## How to complete this task
For the listing below, the answer is an exact retyping of the lines from the one with "Beaufighter VI f" through the one with "Weird discovery on Americana Drive", both included, without pictures.
* * * * * * * * *
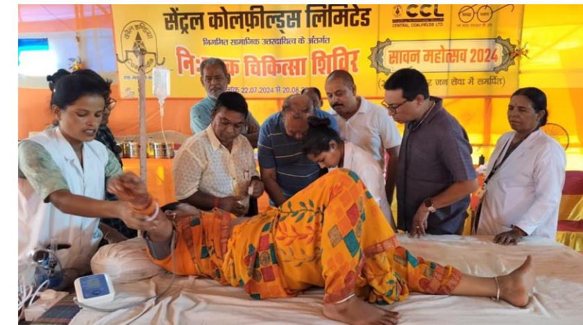
Special Health Camp during Shrawan Mela at Deoghar
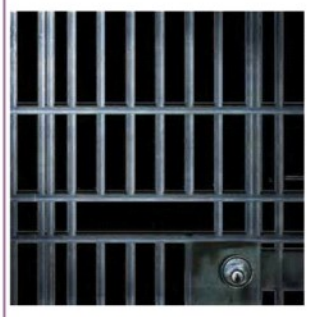
<u>Jefferson County Most</u> Wanted
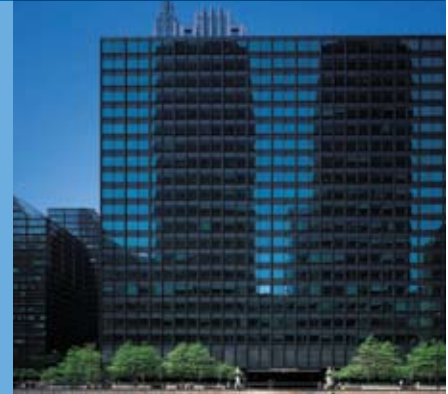
10 South Riverside Plaza Chicago, IL
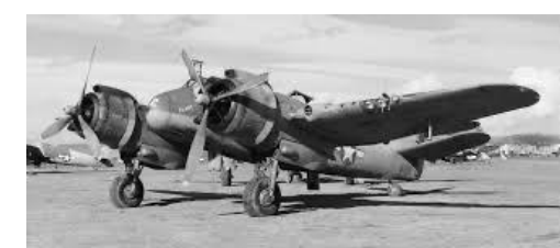
Beaufighter VI f

The DAF, also known chronologically as Air Headquarters Western Desert, Air Headquarters Libya, the Western Desert Air Force, and the First Tactical Air Force (1TAF), was an Allied tactical air force created from No. 204 Group RAF under RAF Middle East Command in North Africa in 1941, to provide close air support to the British Eighth Army against Axis forces. Throughout World War II, the DAF was made up of squadrons from the RAF, the South African Air Force (SAAF), the Royal Australian Air Force (RAAF), the United States Army Air Forces (USAAF) and other Allied air forces.
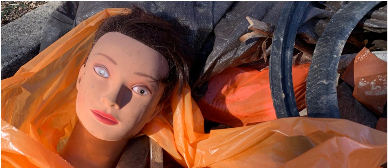
Weird discovery on Americana Drive
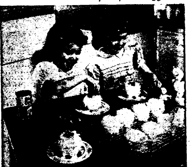
Of course, it is no news when the Easter Bunny lays an egg. The Easter Bunny has been laying eggs for years. But has the E. B. ever found at your house convenient little nests for his eggs, like those atop the handsome party cupcakes pictured here? The cakes may be made at home—with instant white cake mix, if time is short—or bought at your bakery counter. Cover them with frosting and plenty of snowy white or delicately pastel-tinted coconut; then let the children take over. They will love arranging gay jelly bean eggs in these natural little nests.

To fint eccount place 1 teaspoon milk or water in a bowl. Add a few drops food coloring and mix well. Add 1½ cups shredded eccount and toes with a fork until eccount is tinted throughout.
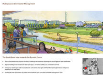
South Bowl
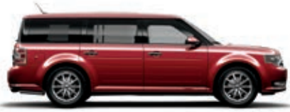
Ruby Red Metallic Tinted Clearcoat
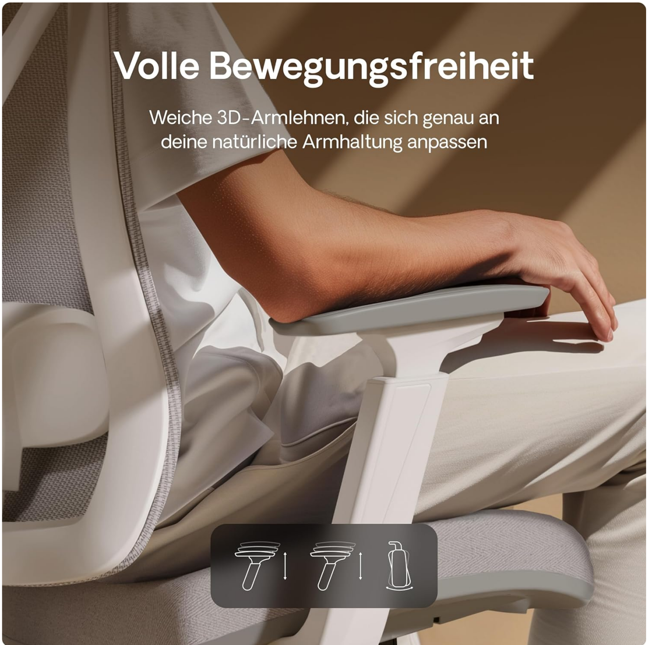
Image: The soft 3D armrests provide full range of motion and adapt to your natural arm posture.

Weiche 3D-Armlehnen, die sich genau an deine natürliche Armhaltung anpassen
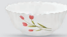
SOUP BOWL 115 mm • 270 ml
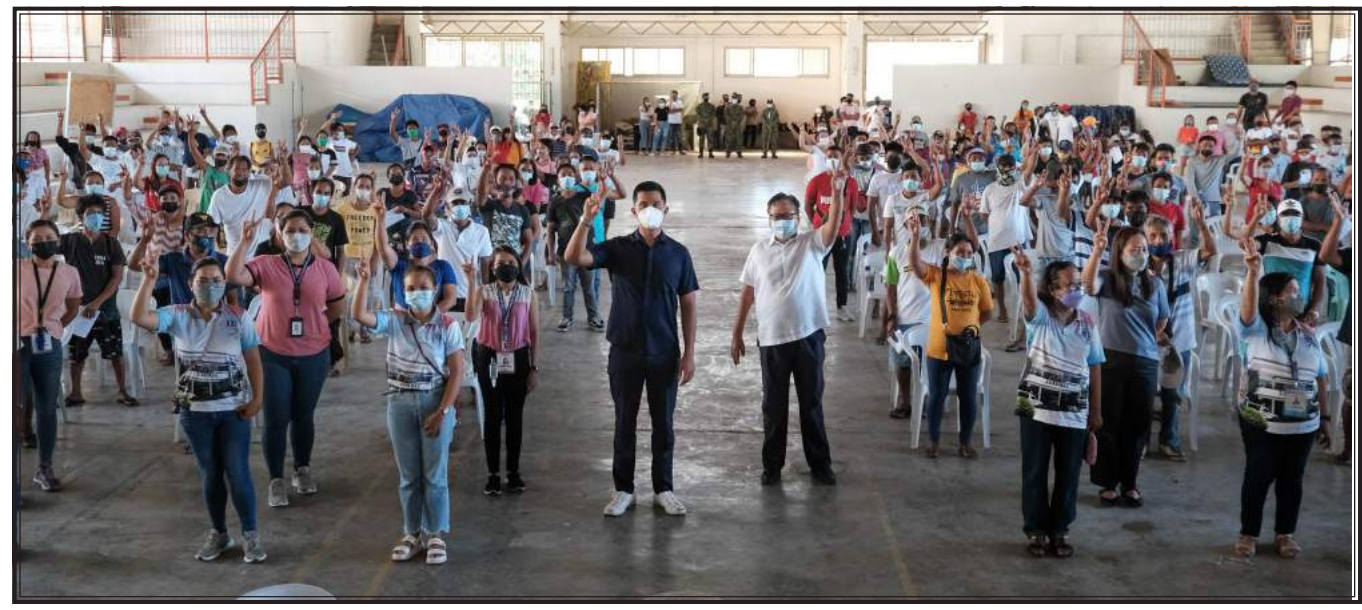
A total of 1,518 beneficiaries received their payout through the Department of Social Welfare and Development Aid to Individuals in Crisis Situation (DSWD-AICS) during a simple ceremony held at Currimao, Ilocos Norte last October 19. Governor Matthew Marcos Manotoc commended the municipal government officials of Currimao headed by Mayor Edward Quilala, for their initiative on directly requesting aid from the DWSD.
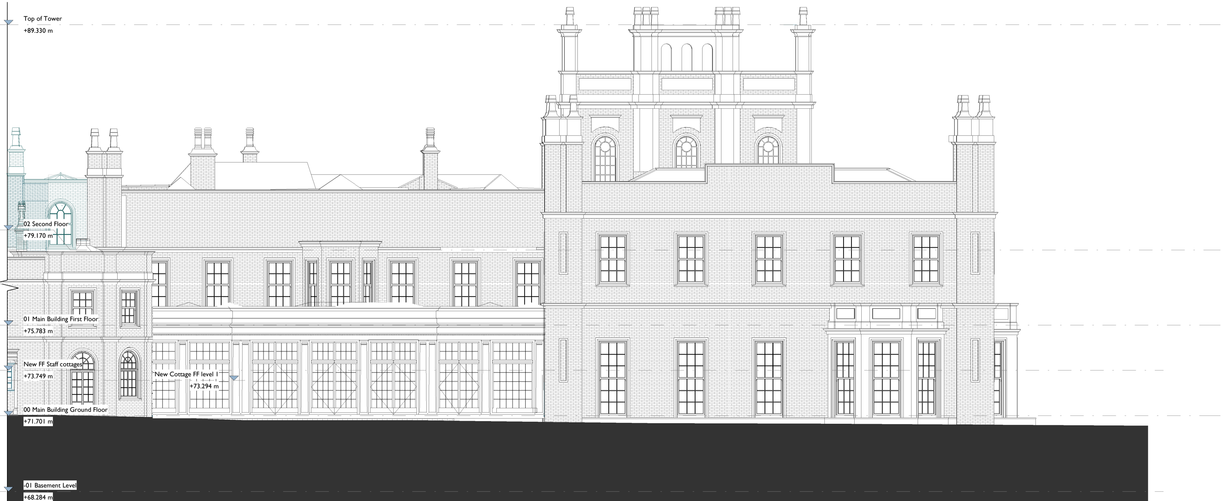
2 1717 House Elevation 2 (HE2) Proposed 2 2104 1 : 100
* * * * * * * * *
## Solution
Beaufighter VI f

The DAF, also known chronologically as Air Headquarters Western Desert, Air Headquarters Libya, the Western Desert Air Force, and the First Tactical Air Force (1TAF), was an Allied tactical air force created from No. 204 Group RAF under RAF Middle East Command in North Africa in 1941, to provide close air support to the British Eighth Army against Axis forces. Throughout World War II, the DAF was made up of squadrons from the RAF, the South African Air Force (SAAF), the Royal Australian Air Force (RAAF), the United States Army Air Forces (USAAF) and other Allied air forces.
Weird discovery on Americana Drive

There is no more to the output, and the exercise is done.